Jan 122012
 

(continued from “A Retrospective“)

When J and I had just started dating, in the context of a normal conversation where two people getting to know each other share background and tell stories, J mentioned something about past ties to the “BDSM community.” It was a casual, flirty sort of conversation, and his comment didn’t seem all that strange in context. He seemed to be half-joking, or at least, he seemed to be poking fun at reality. I assumed his revelation and his lighthearted attitude were more about flirtation than anything else. And so I flirted right back—I smiled and told him that I was more than capable of dominating a man.

That was the truth. I had dominated men in bed… quite well, actually.

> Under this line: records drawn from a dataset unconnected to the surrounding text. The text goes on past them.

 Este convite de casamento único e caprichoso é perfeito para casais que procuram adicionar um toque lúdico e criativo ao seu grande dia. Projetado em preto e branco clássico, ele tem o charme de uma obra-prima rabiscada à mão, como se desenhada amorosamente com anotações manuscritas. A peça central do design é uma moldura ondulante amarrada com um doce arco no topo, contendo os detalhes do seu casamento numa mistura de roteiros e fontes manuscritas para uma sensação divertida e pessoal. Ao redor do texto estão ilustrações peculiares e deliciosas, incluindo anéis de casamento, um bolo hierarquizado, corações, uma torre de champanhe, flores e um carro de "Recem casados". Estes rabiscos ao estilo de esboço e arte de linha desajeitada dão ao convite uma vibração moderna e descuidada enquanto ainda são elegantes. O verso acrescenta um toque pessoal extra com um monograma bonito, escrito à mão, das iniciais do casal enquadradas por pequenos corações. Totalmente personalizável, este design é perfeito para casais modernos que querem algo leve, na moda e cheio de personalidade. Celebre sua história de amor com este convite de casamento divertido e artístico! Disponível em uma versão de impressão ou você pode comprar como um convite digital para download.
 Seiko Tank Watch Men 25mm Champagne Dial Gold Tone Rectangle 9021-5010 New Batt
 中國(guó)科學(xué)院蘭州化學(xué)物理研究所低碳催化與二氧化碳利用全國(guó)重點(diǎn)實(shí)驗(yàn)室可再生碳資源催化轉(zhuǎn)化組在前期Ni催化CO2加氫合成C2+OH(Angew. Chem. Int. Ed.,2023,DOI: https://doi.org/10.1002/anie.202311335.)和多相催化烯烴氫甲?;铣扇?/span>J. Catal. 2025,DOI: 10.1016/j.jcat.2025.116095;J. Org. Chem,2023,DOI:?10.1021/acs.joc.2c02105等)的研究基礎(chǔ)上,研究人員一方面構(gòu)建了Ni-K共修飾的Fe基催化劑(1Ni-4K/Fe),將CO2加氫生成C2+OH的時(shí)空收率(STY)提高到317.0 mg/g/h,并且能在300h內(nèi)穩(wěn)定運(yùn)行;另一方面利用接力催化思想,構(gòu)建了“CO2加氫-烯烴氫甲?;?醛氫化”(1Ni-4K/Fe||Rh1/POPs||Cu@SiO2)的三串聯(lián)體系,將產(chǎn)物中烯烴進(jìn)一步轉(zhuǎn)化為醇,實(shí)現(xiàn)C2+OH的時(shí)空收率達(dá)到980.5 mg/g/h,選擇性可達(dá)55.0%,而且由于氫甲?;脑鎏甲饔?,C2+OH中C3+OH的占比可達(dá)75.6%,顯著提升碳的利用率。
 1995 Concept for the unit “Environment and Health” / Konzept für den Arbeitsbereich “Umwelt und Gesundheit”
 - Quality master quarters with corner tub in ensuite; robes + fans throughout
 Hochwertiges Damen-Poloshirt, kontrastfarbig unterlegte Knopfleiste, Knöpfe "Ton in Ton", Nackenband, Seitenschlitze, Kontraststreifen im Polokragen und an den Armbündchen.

When I responded, J’s flirtatiousness fell away. He looked a little surprised and said he was relieved that I took the information so well.

His seriousness surprised me—I didn’t think it was such a big deal. My last boyfriend was really turned on by tits, and I have tits, so it worked out well. The guy I dated before that was an ass man, and I have an ass, so that worked out pretty well. J was a little kinky, and so was I, so we might work out well too.

I had messed around with BDSM before, and while I didn’t know that there was a “community,” it didn’t shock me to hear of its existence. But of course, I was completely unaware of the scope of all things BDSM—I didn’t know there were different types of BDSM, each with their own terminologies, theories, and practices. I didn’t know there were communities, play spaces, conventions, businesses, scholarship or political issues. I didn’t know any of it existed in such a visible, organized way.

J and I have never discussed that conversation, but I suspect that both he and I had completely different understandings of what was said and what it meant.

In my mind, J told me about a sexual preference… a turn-on. No big deal.

I suspect that in J’s mind, not only did I accept his lifestyle, but I also suggested I was interested in (and had some experience with) the same. Without any real reaction or curiosity from me, my guess is that J thought I was “into” BDSM the same way he was.

Because I didn’t know what I didn’t know, I thought J and I were on the same page. Because I didn’t ask questions and offered little reaction to his admission, J thought we were on the same page too.

Of course, J and I were not on the same page.

continue to Retrospective, Part 2: Oops

  5 Responses to “Retrospective, Part 1: Accidental Dominant”

  1. I want to be able to just hit "like" but, I can't.

    I definitely can picture J's mental gear change when you say you're capable of dominating a man.

    I've made a couple half-joking, tenuous personal revelations over the years, it would certainly excite me to get such a positive reaction.

    Likely enough that I might jump to conclusions about compatibility and general same-paged-ness.

  2. I've accidentally walked into a lot of stuff over the years, but generally, I know it when it happens. :) It's the times I have no idea what I'm into that I get in trouble.

  3. I fell into D/s in a similar way. A guy offered to essentially be my beck and call guy. I decided to run with it because I was bored and needed a laugh… little did I know I would find and meet my boy 4 days later ;)

    I love your blog, I can see so much of myself and my own journey in it.

  4. I totally relate to this… :/

    • @Jools: I’m sorry you can relate to this! I know from experience that it’s not a very pleasant place to be in! Also, I hope your figuring it all out was far smoother than mine!